EXERCISE GOAL: Starting with the line below that holds "Center back Length" and stopping after the line that holds "华为、苏宁、京东、美的虽然选", transcribe the lines exactly, leaving out all pictures.

RECORDS SHOWN:
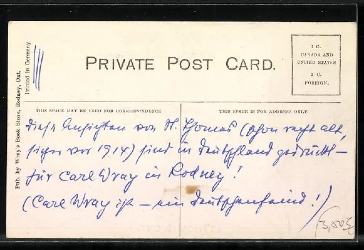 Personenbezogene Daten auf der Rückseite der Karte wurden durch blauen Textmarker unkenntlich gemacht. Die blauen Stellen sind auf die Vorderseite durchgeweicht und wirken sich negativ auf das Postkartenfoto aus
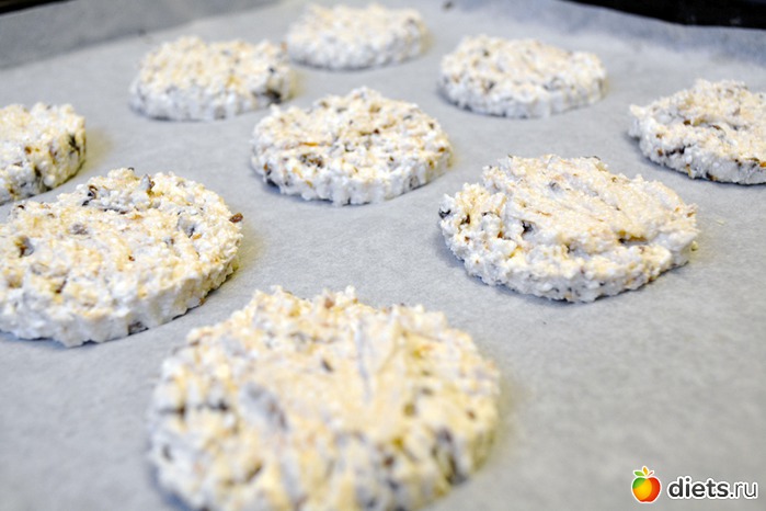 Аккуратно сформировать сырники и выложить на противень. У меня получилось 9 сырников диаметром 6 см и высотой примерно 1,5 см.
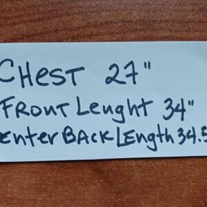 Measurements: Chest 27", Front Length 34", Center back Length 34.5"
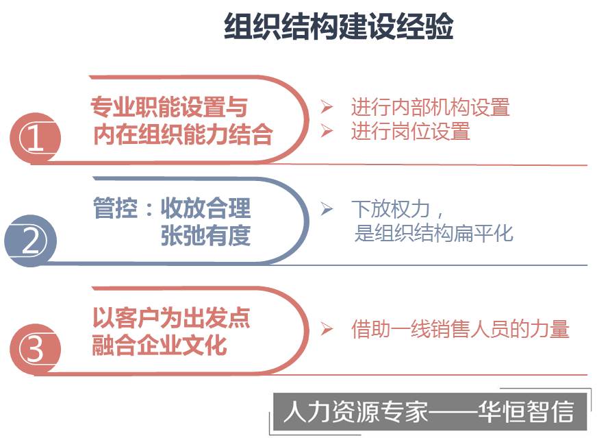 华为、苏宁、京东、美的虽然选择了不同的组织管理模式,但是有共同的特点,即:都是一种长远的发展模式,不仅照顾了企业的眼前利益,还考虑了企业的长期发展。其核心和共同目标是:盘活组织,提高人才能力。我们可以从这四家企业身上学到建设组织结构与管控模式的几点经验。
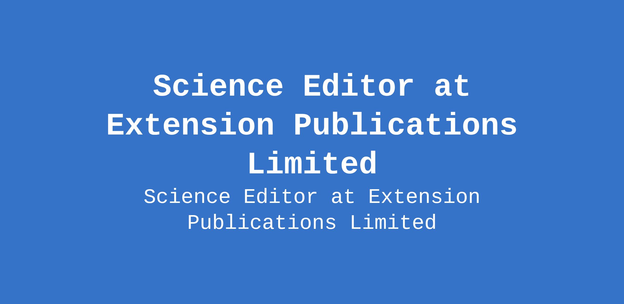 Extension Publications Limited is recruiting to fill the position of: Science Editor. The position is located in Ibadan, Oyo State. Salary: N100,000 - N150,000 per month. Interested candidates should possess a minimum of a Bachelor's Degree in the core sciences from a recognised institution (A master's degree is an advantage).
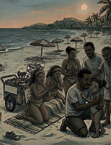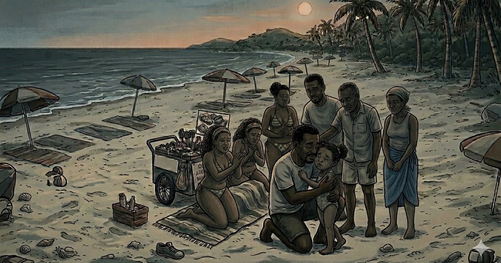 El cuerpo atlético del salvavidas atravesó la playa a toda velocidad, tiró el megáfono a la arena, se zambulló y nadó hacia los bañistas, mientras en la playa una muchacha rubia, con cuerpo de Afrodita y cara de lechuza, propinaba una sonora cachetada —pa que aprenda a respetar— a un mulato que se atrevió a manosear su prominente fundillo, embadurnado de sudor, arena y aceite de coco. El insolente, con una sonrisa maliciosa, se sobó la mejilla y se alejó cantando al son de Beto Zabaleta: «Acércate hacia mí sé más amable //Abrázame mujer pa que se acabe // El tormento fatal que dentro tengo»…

* * *

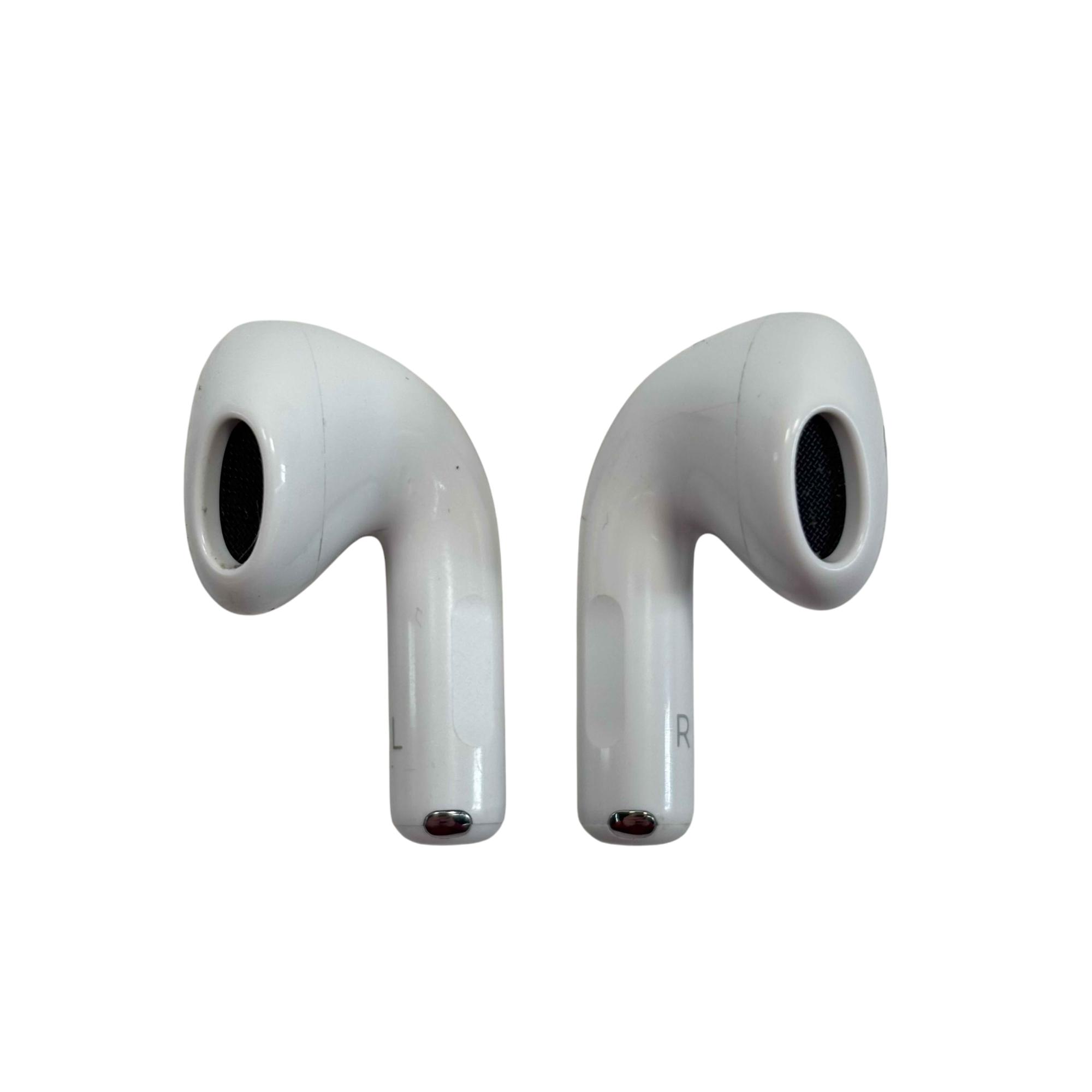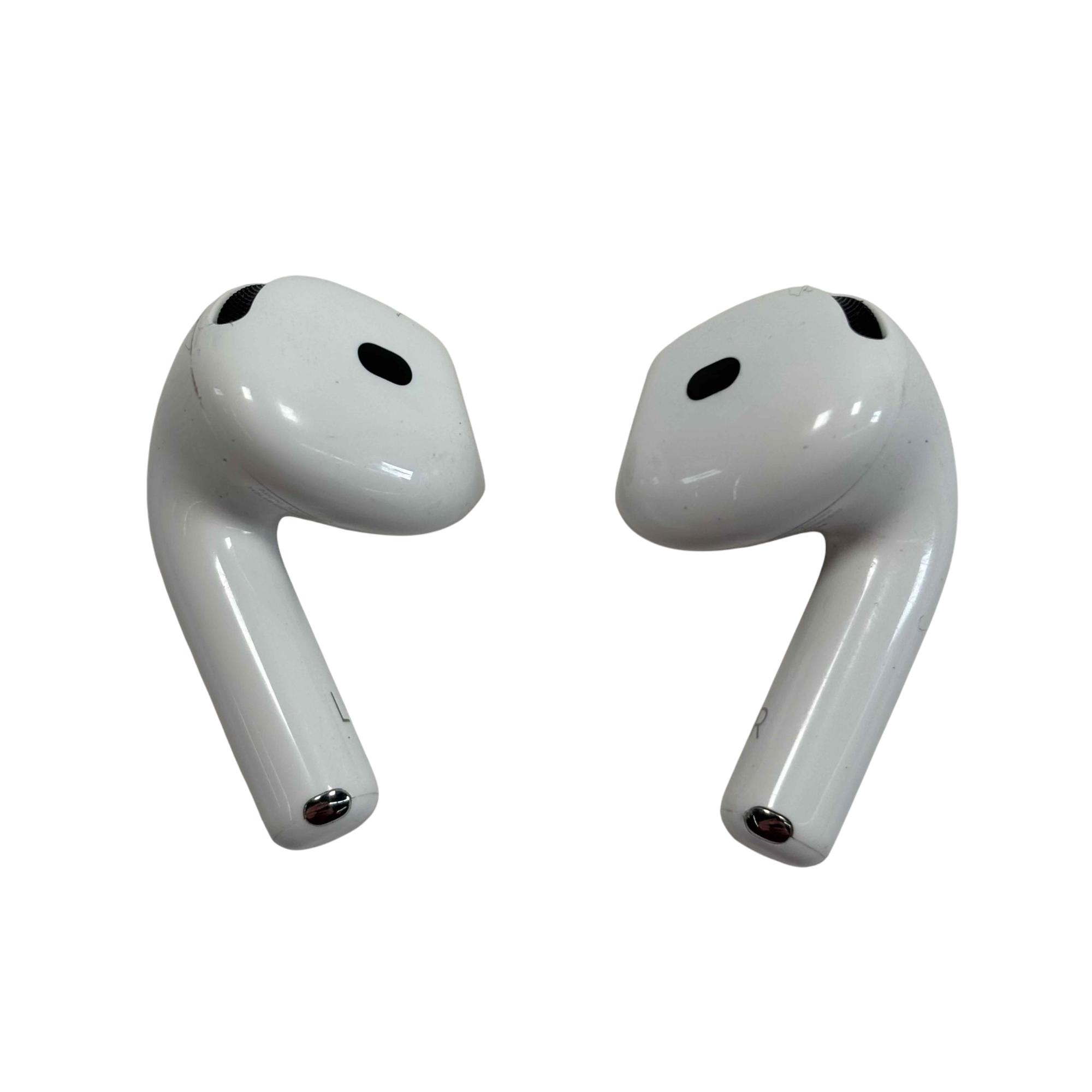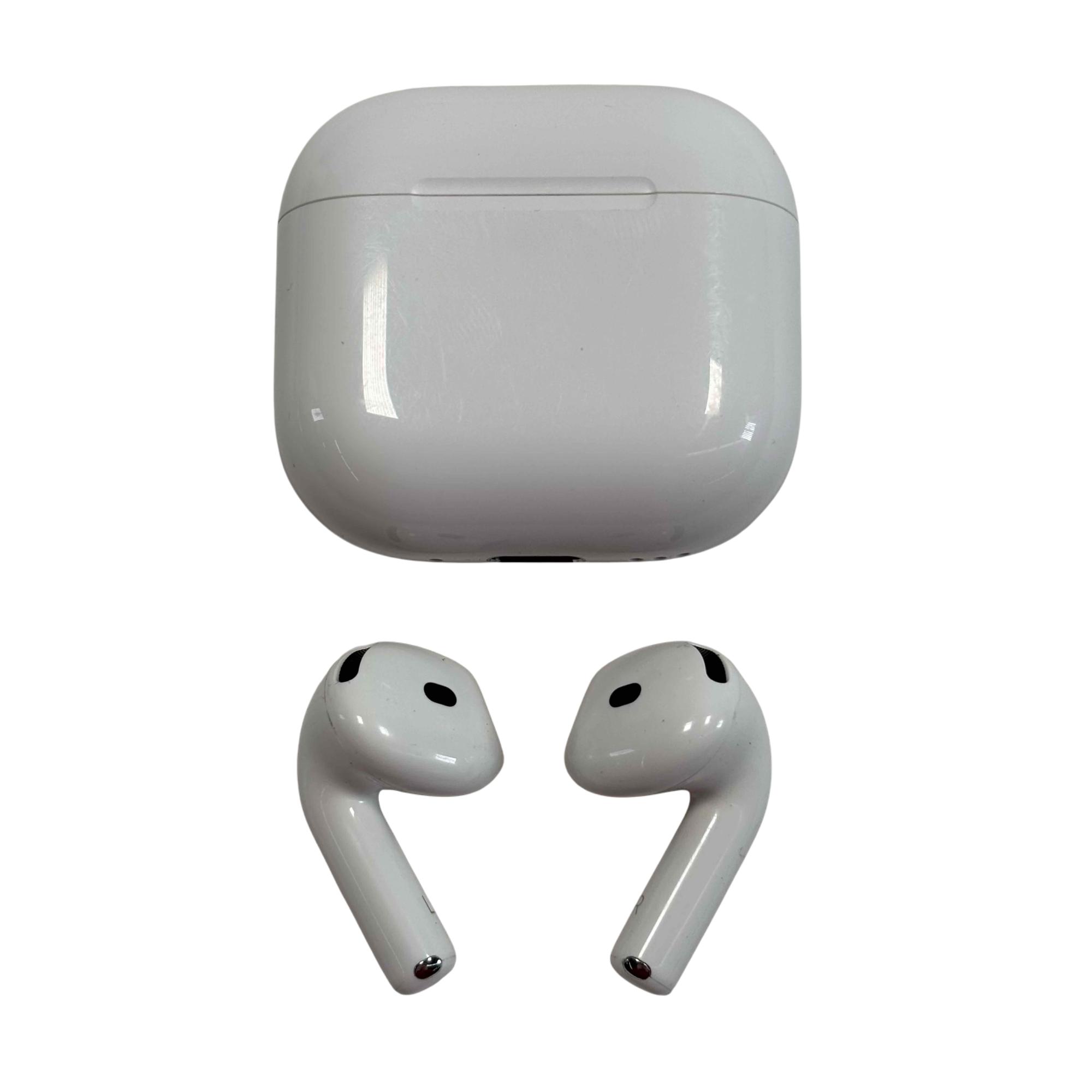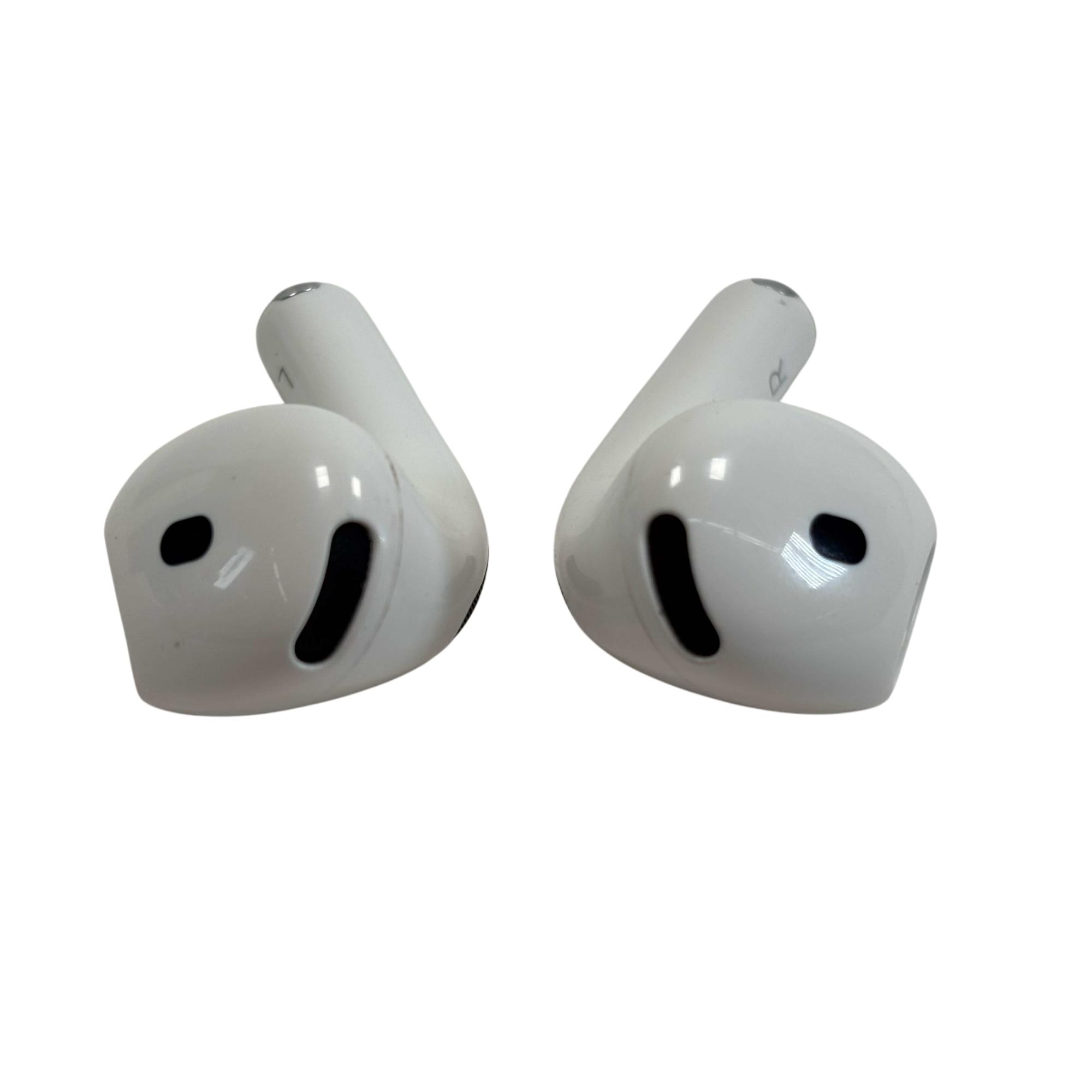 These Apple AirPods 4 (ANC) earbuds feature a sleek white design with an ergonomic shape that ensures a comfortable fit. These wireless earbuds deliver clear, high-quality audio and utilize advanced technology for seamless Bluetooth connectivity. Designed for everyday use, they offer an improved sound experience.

OUTPUT BELOW:
 Measurements: Chest 27", Front Length 34", Center back Length 34.5"
 华为、苏宁、京东、美的虽然选择了不同的组织管理模式,但是有共同的特点,即:都是一种长远的发展模式,不仅照顾了企业的眼前利益,还考虑了企业的长期发展。其核心和共同目标是:盘活组织,提高人才能力。我们可以从这四家企业身上学到建设组织结构与管控模式的几点经验。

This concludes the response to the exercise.